How Super is the Super Bowl? Well, super enough for a 1 hour game to last for 4 hours.
That means – loads of ads. Ads that cost $5 million for 30 seconds of airtime. That’s 30 seconds of intense eyeballs. 30 seconds of a make or break show. And 30 seconds that cost you a whole lot of $$$$.
Every brand aspires that one day – it will be able to afford to spend those dollars. But is it really all that?
The question is: Do these actually help sell product or create lasting brand awareness?
Bill Coontz from the Dalton Agency has his opinions, and I’d say strong ones. Bill believes the answer is a resounding no, especially considering consumers’ fleeting attention span.
A study by marketing data science company Genesis Media found that 90 percent of consumers aren’t likely to buy something they saw advertised during the Super Bowl. The reason? Brand metrics such as “favorability” or “recall” don’t result in purchases for products featured in Super Bowl ads.

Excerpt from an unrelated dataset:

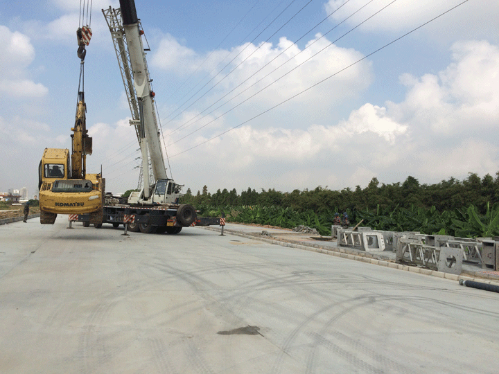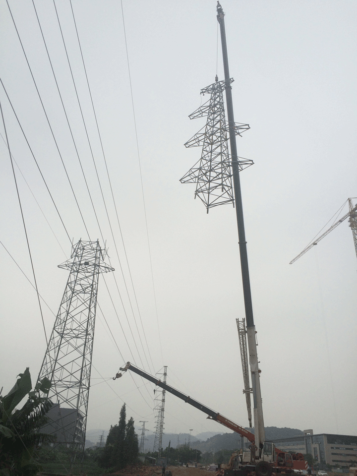 110KV半逸甲乙線N57直線塔,因塔附件道路施工,造成地形變化,基礎(chǔ)嚴(yán)重?fù)p壞(有附圖),鐵塔有1米傾斜。N57塔嚴(yán)重影響中山火炬開發(fā)區(qū)生產(chǎn)、生活及交通安全(距離路邊15米)。我公司接到任務(wù)后,火速調(diào)配所有ERS搶險(xiǎn)設(shè)備及搶險(xiǎn)人員,從剛剛順利完成任務(wù)的湛江(臺風(fēng)“彩虹”影響地)連夜趕到現(xiàn)場(中山),兩地相距600公里。到現(xiàn)場后充分發(fā)揮我公司團(tuán)結(jié)、和諧的實(shí)力僅用兩天時間順利完成黨交給我們的任務(wù)(勘察、設(shè)計(jì)、材料調(diào)配、組塔、放緊線)。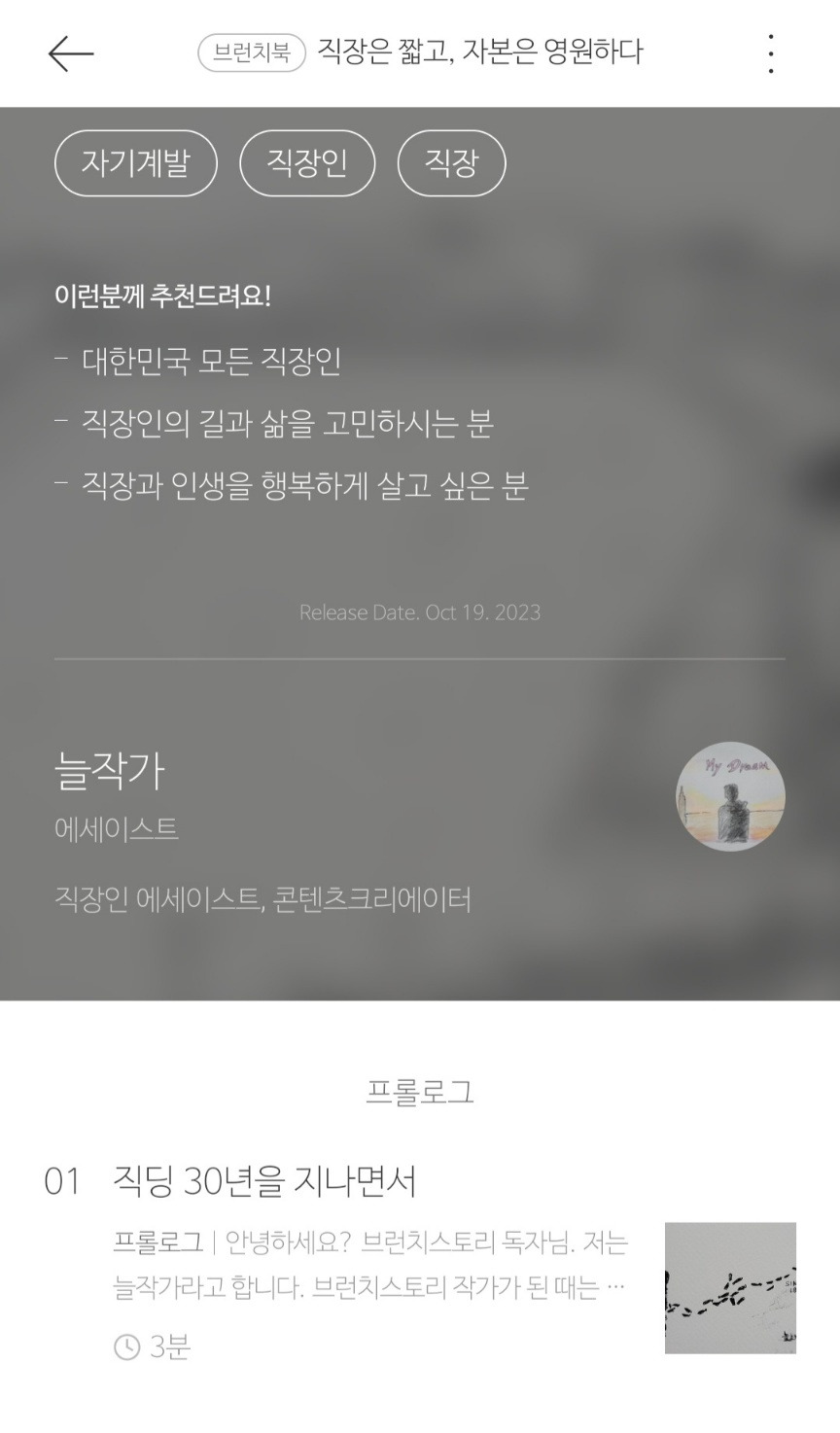 보이시지요? 첫 번째에 brunch book 직장은 짧고, 자본은 영원하다. 여기를 클릭 또 해주세요.

Maybe that’s why Kraft Heinz is spent millions of dollars this year on a single spot that won’t sell one ounce of ketchup. The brand is running a $5 million ad to let us know that they’re giving all 42,000 of their salaried employees Super Bowl Monday off. (A company memo would have been about $4,997,900 cheaper.)

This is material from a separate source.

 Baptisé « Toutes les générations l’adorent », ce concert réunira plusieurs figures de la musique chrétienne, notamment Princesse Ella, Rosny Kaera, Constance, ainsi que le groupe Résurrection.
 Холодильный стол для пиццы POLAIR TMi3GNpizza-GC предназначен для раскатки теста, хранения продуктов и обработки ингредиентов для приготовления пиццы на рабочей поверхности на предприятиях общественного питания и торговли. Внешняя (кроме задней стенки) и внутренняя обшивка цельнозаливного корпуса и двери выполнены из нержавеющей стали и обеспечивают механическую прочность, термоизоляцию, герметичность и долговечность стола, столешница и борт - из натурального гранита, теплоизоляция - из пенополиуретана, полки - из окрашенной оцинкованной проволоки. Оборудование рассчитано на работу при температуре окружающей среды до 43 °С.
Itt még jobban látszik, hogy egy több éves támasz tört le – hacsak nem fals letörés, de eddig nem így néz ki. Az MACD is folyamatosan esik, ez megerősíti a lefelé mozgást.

Is it corporate good will or a PR ploy? It doesn’t matter, because it’s generating millions in earned media, and it’s a great example of how brands are thinking differently about creative ideas, tactics and execution.
Are times changing?
It is also a sign of the changing times. For the last few years, the strategic execution of Super Bowl ads has changed from a one-time event on Super Bowl Sunday, to using an ad as a springboard to launch integrated digital and social media campaigns. Research from last year’s Super Bowl suggested that Super Bowl ads in 2016 generated as much as $10M in incremental exposure for advertisers.
Some brands go overboard on concept, like Mercedes-Benz, which last year relocated its N. American headquarters to Atlanta. The venerable luxury car brand hired The Coen Brothers to direct an “Easy Rider” themed Super Bowl spot featuring Peter Fonda. That’s easily an eight-figure budget for an ad that, if the studies are accurate, won’t sell many cars.
What about brand awareness?
So does that mean that Super Bowl ads are all about brand awareness? Not really. A full 75 percent of respondents from the Genesis Media study said they couldn’t remember ads from the previous year.
Advertising technology company Fluent surveyed 1,600 Super Bowl watchers in 2015 to test the effects of five first-time ads, finding that the average “brand lift” – whether viewers could recall advertisers after their first Super Bowl ad – was just 12.7 percent.
That’s not an ROI that many brands can readily justify, and the main reason why the Super Bowl will remain the ultimate arena for the advertising budget haves and have-nots.
The final verdict:
ROI, Product Sales – No
If you integrate the campaign as part of gripping 360 degree, well executed campaign using the super bowl as a spring board – Probably Yes.
Is it the best bang for your buck – I’d say, probably not.
This article was written in collaborate with Bill Coontz from the Dalton Agency.